## Task details
An exact transcription of all the data is required, with every image removed.

*** Opening Task data ***

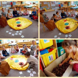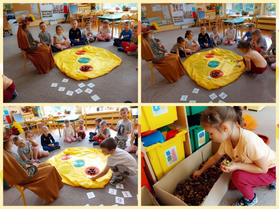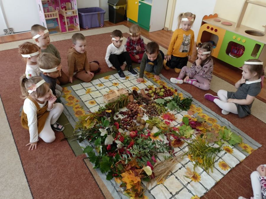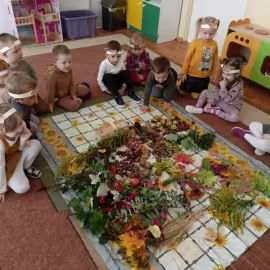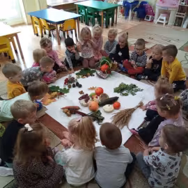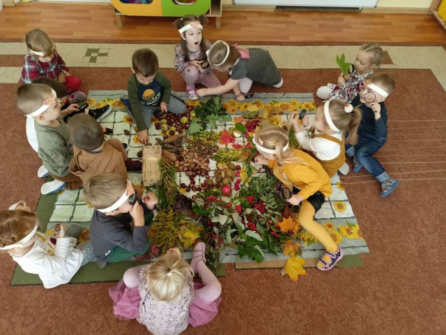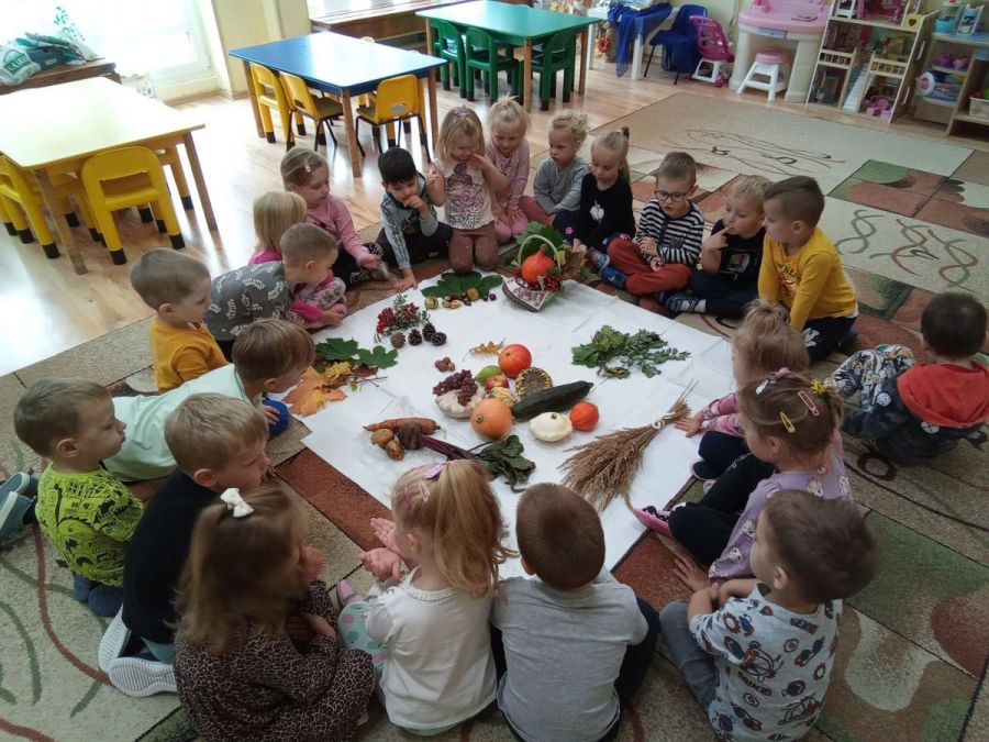 Opublikowano: 01.10.2022 W ostatnim tygodniu września Pani Jesień nie tylko zawitała w kalendarzu, ale również odwiedziła nasze przedszkole zostawiając swoje dary.
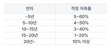앞서 부채를 줄이자고 강조했는데 이자 외에 원금을 갚는 것은 모두 저축과 동일하게 간주될 수 있다. 소득이 높아져도 오히려 저축률은 높아지기 어렵기 때문에 초반에 저축률을 높여야만 한다. 저축이란 개인의 소득이나 여러 상황에 따라 달라지겠지만 필자가 생각하는 가이드를 말하자면 다음과 같다.
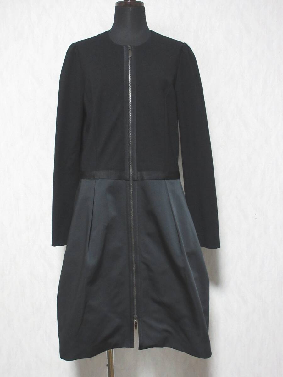 HIROKO KOSHINO ヒロココシノ ジップ 切替し ノーカラー ワンピース 38 ブラック yu246
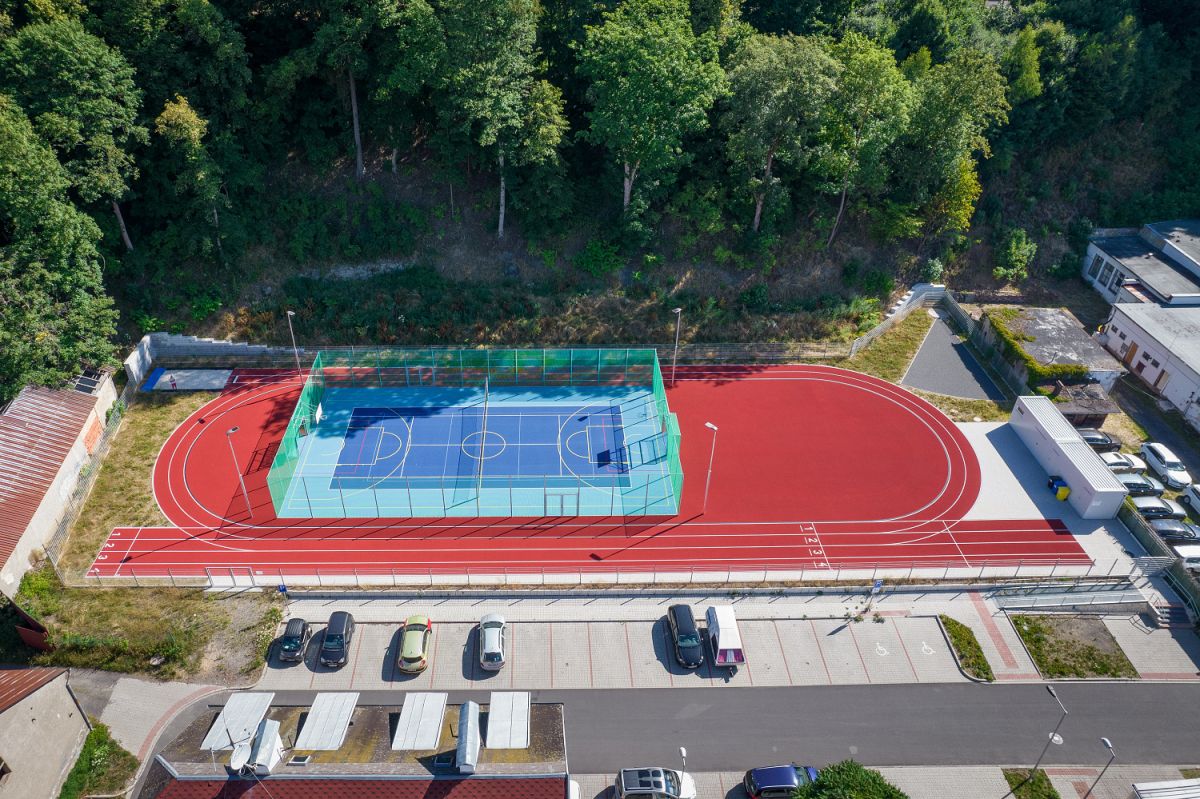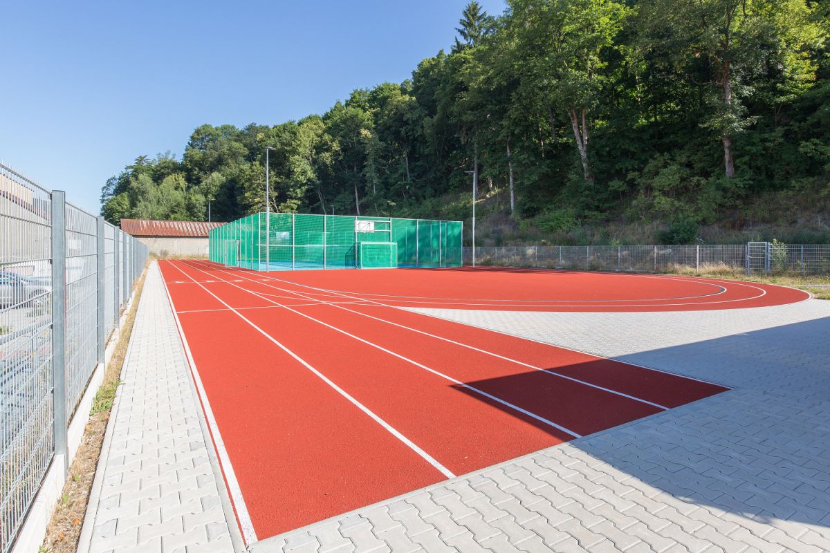 Realizace běžeckého oválu a víceúčelového hřiště s EPDM povrchem v rozsahu 1 699 m2 vč. odvodnění, podkladních štěrkových vrstev, asfaltových vrstev, lajnování, sportovního vybavení a oplocení z ocelových konstrukcí a polypropylenových sítí. Dodávka a montáž sektoru vrhu koulí, pískového doskočiště pro skok daleký, areálového oplocení (207 m2), zámkové dlažby (160 m2) a 2 ks kontejnerů se sociálním zázemím a skladem.
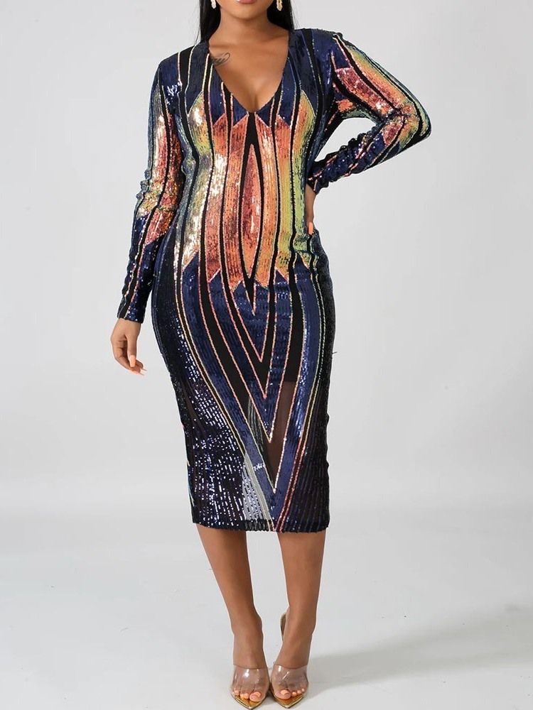 V-ringning Långärmad Paljetter Med Midja I Midjan
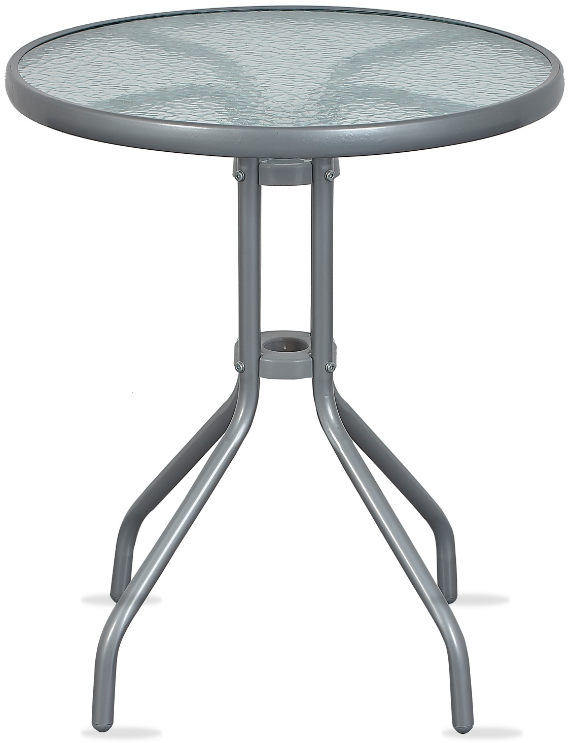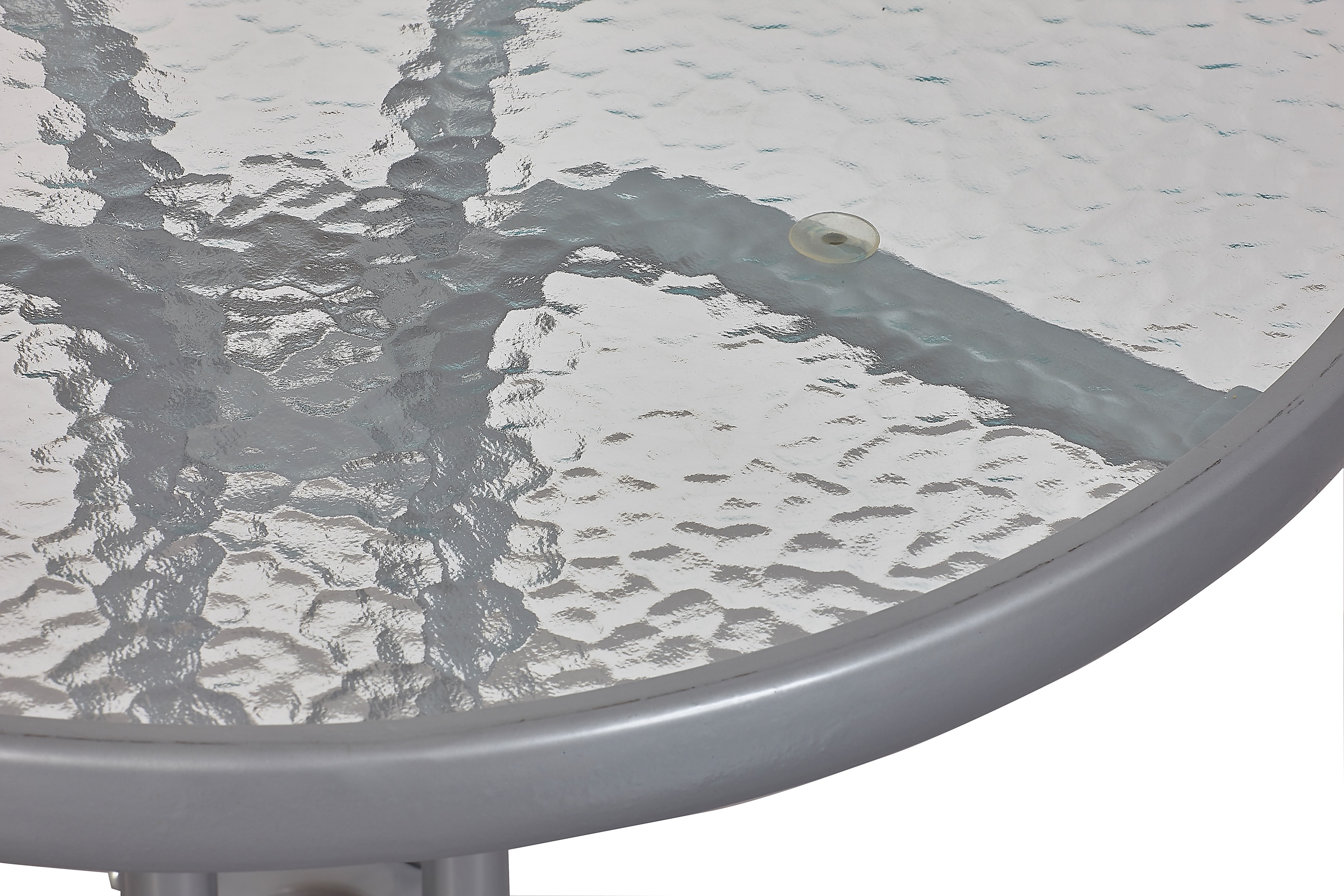 Vrtni stol s čvrstim metalnim okvirom i rebrastom staklenom pločom u modernom dizajnu, pogodan za vrtove, terase, kafiće, sjenice, balkone ili plaže.

*** Closing Task data ***

## Exercise output
 Opublikowano: 01.10.2022 W ostatnim tygodniu września Pani Jesień nie tylko zawitała w kalendarzu, ale również odwiedziła nasze przedszkole zostawiając swoje dary.
앞서 부채를 줄이자고 강조했는데 이자 외에 원금을 갚는 것은 모두 저축과 동일하게 간주될 수 있다. 소득이 높아져도 오히려 저축률은 높아지기 어렵기 때문에 초반에 저축률을 높여야만 한다. 저축이란 개인의 소득이나 여러 상황에 따라 달라지겠지만 필자가 생각하는 가이드를 말하자면 다음과 같다.
 HIROKO KOSHINO ヒロココシノ ジップ 切替し ノーカラー ワンピース 38 ブラック yu246
 Realizace běžeckého oválu a víceúčelového hřiště s EPDM povrchem v rozsahu 1 699 m2 vč. odvodnění, podkladních štěrkových vrstev, asfaltových vrstev, lajnování, sportovního vybavení a oplocení z ocelových konstrukcí a polypropylenových sítí. Dodávka a montáž sektoru vrhu koulí, pískového doskočiště pro skok daleký, areálového oplocení (207 m2), zámkové dlažby (160 m2) a 2 ks kontejnerů se sociálním zázemím a skladem.
 V-ringning Långärmad Paljetter Med Midja I Midjan
 Vrtni stol s čvrstim metalnim okvirom i rebrastom staklenom pločom u modernom dizajnu, pogodan za vrtove, terase, kafiće, sjenice, balkone ili plaže.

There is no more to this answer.